Records for this task:
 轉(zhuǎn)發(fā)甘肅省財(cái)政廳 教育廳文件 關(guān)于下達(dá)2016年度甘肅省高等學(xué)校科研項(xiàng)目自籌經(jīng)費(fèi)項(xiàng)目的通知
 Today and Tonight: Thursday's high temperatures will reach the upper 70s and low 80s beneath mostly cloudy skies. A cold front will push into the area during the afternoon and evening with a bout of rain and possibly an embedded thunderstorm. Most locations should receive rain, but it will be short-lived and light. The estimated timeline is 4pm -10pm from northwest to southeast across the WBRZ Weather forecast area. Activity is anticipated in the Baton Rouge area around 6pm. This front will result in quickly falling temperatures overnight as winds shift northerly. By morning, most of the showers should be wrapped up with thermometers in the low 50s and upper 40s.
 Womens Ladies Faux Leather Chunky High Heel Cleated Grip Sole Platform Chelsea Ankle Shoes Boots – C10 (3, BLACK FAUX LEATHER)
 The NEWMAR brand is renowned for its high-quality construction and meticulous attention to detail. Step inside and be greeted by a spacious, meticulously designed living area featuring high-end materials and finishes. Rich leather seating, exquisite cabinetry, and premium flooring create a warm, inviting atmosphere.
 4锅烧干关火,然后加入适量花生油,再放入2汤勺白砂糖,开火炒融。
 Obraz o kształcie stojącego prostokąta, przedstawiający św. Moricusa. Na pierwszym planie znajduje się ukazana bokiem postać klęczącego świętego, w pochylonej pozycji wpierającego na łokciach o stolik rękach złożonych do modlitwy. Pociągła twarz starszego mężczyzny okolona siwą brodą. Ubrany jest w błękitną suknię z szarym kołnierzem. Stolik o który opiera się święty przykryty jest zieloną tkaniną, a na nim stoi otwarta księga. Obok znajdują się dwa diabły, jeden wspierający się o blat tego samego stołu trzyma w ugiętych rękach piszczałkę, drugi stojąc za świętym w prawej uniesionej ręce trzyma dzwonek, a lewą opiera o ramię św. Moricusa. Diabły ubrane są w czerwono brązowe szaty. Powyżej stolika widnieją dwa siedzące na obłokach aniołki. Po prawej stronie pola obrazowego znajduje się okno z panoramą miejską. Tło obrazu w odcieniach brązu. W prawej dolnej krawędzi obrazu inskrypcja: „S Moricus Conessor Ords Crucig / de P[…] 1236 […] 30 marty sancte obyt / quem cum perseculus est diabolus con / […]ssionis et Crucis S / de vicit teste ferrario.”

Problem to work on:
From the first line of the records above down to the line containing "4锅烧干关火,然后加入适量花生油,再放入2汤勺白砂糖,开火炒融。", repeat each line exactly as written. Include both of those lines and add nothing.

Output of the exercise:
 轉(zhuǎn)發(fā)甘肅省財(cái)政廳 教育廳文件 關(guān)于下達(dá)2016年度甘肅省高等學(xué)校科研項(xiàng)目自籌經(jīng)費(fèi)項(xiàng)目的通知
 Today and Tonight: Thursday's high temperatures will reach the upper 70s and low 80s beneath mostly cloudy skies. A cold front will push into the area during the afternoon and evening with a bout of rain and possibly an embedded thunderstorm. Most locations should receive rain, but it will be short-lived and light. The estimated timeline is 4pm -10pm from northwest to southeast across the WBRZ Weather forecast area. Activity is anticipated in the Baton Rouge area around 6pm. This front will result in quickly falling temperatures overnight as winds shift northerly. By morning, most of the showers should be wrapped up with thermometers in the low 50s and upper 40s.
 Womens Ladies Faux Leather Chunky High Heel Cleated Grip Sole Platform Chelsea Ankle Shoes Boots – C10 (3, BLACK FAUX LEATHER)
 The NEWMAR brand is renowned for its high-quality construction and meticulous attention to detail. Step inside and be greeted by a spacious, meticulously designed living area featuring high-end materials and finishes. Rich leather seating, exquisite cabinetry, and premium flooring create a warm, inviting atmosphere.
 4锅烧干关火,然后加入适量花生油,再放入2汤勺白砂糖,开火炒融。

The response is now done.